Log-log plot of the kurtosis Kt) ≡ 〈ΔΦ4〉/〈ΔΦ22 of CH4 flux differences ΔΦ = Φ(t + Δt) − Φ(t) against the time lag Δt.

[8] An exponent α ≠ 0 implies that the scaling exponents ζn of structure functions 〈ΔΦn〉 ∼ Δtζn depend nonlinearly on n, meaning that ΔΦ statistics are not self-similar, which is consistent with a multifractal description of CH4 ebullition variability [Paladin and Vulpiani, 1987]. Multifractality generates signals that are intrinsically more complex and inhomogeneous than monofractals, and is a characteristic of nonlinear systems operating far from equilibrium [Goldberger et al., 2002]. In order to independently check this result, we built a stochastic process which also displays multifractal properties. A simple way for obtaining multifractal measures is to construct a random multiplicative cascade (RMC) model of the type ɛn = ɛ W1W2Wn, with W ≥ 0, 〈W〉 = 1, 〈Wq〉 < ∞ for any q > 0, where Wn is the n-th independent realization of a random variable W [Meneveau and Sreenivasan, 1991; Frisch, 1995]. Multiplication cascades, as defined above, are a well-known path to generate extreme fluctuations of the type we observed in the data. In turbulence, the cascade model is formulated in terms of random fluctuations of the energy dissipation ɛ. In the present context, the cascade picture may represent a random sequence of events that, say, a bubble of methane is subject before arriving at the water/air interface (eventually measured as a concentration signal by our instrumentation). We implemented a RMC model with 15 steps and W log-normally distributed (〈W2〉 = 0.35).
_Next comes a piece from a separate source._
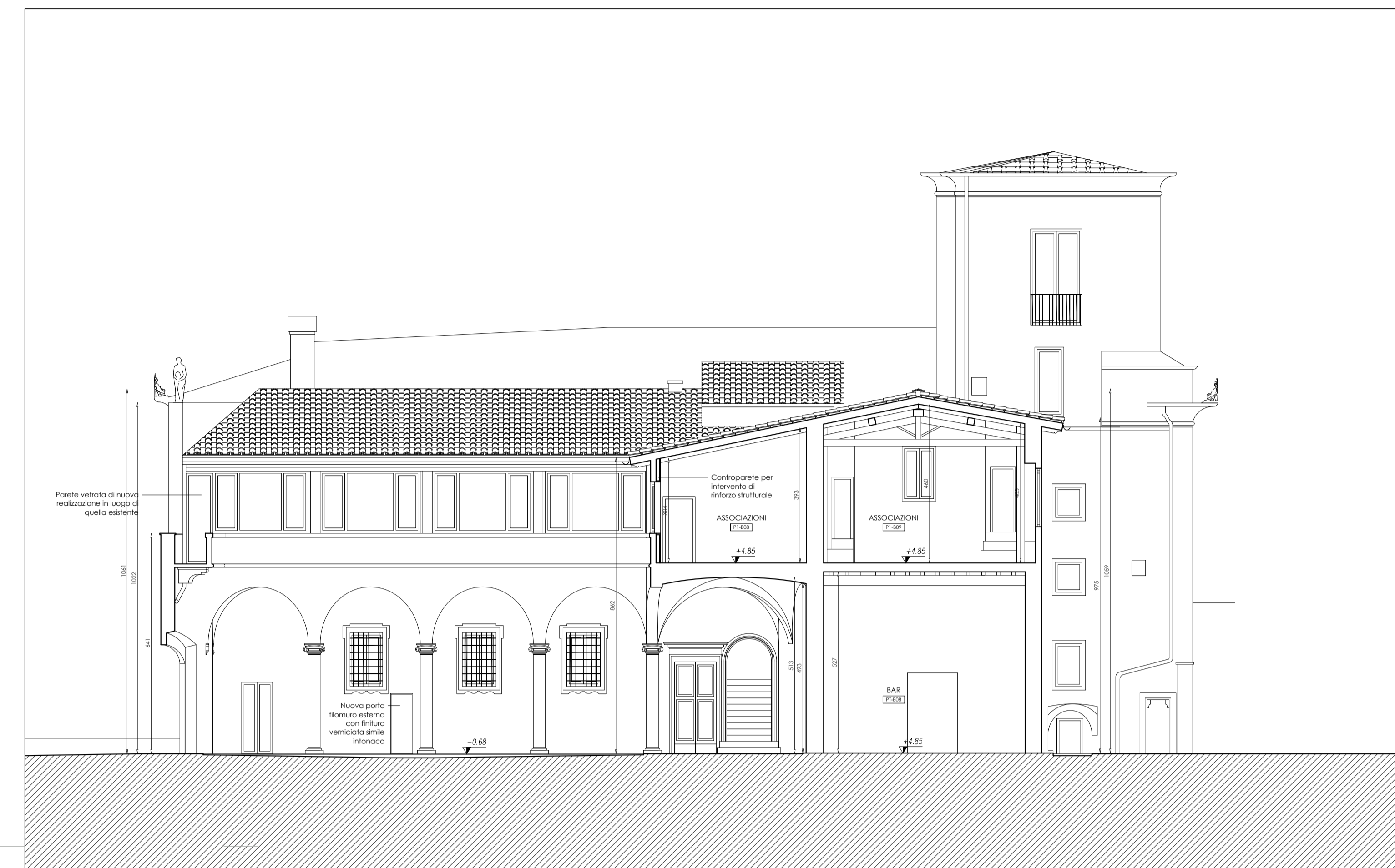
SEZIONE D | scala 1:100

As shown in Figure 4, the RMC model results correlate with the experimental data. Other RMC models (log-Poisson, for example) may yield equally good results but only larger data sets (i.e., measured with a shorter sampling period) will allow us to properly compare the performance of different RMC models. Since methane ebullition data is scarce and difficult to obtain, an immediate application of such a model is to generate synthetic bubbling fluxes with well defined statistical properties (for interpolation of missing data, for example). Moreover, if the kind of universality observed here is assumed, predictions for different locations or even different reservoirs can be made, only measuring the two characteristic parameters (necessarily local) of the GP distribution. In practice, the most popular method for measuring the parameters of the GP distribution is through maximum likelihood estimation [Coles, 2001].

Figure 4.

Random multiplicative cascade model results against the corresponding experimental data.

4. Conclusion

[9] In summary, our main result indicates that when properly rescaled, methane ebullition data, gathered under different local conditions, collapse into a single statistic, described by a Generalized Pareto distribution, with shape parameter well above zero. The dynamics underlying this statistical behavior, which shows evidences of being modulated by turbulence intensity at the water-sediment interface, is well modeled by a multifractal, multiplicative random cascade. The approach presented here, which combines high-frequency CH4 ebullition data and Extreme Value theory analytical tools, shows that, although bubbling patterns appear to be highly complex and unpredictable, they may still be described by a rather simple (but not trivial) dynamics.


[10] This work was supported by the “Carbon Budgets of Hydroelectric Reservoirs of Furnas Centrais Elétricas S.A.” project. F.M.R. and R.R.R. also acknowledge the support given by CNPq-Brazil.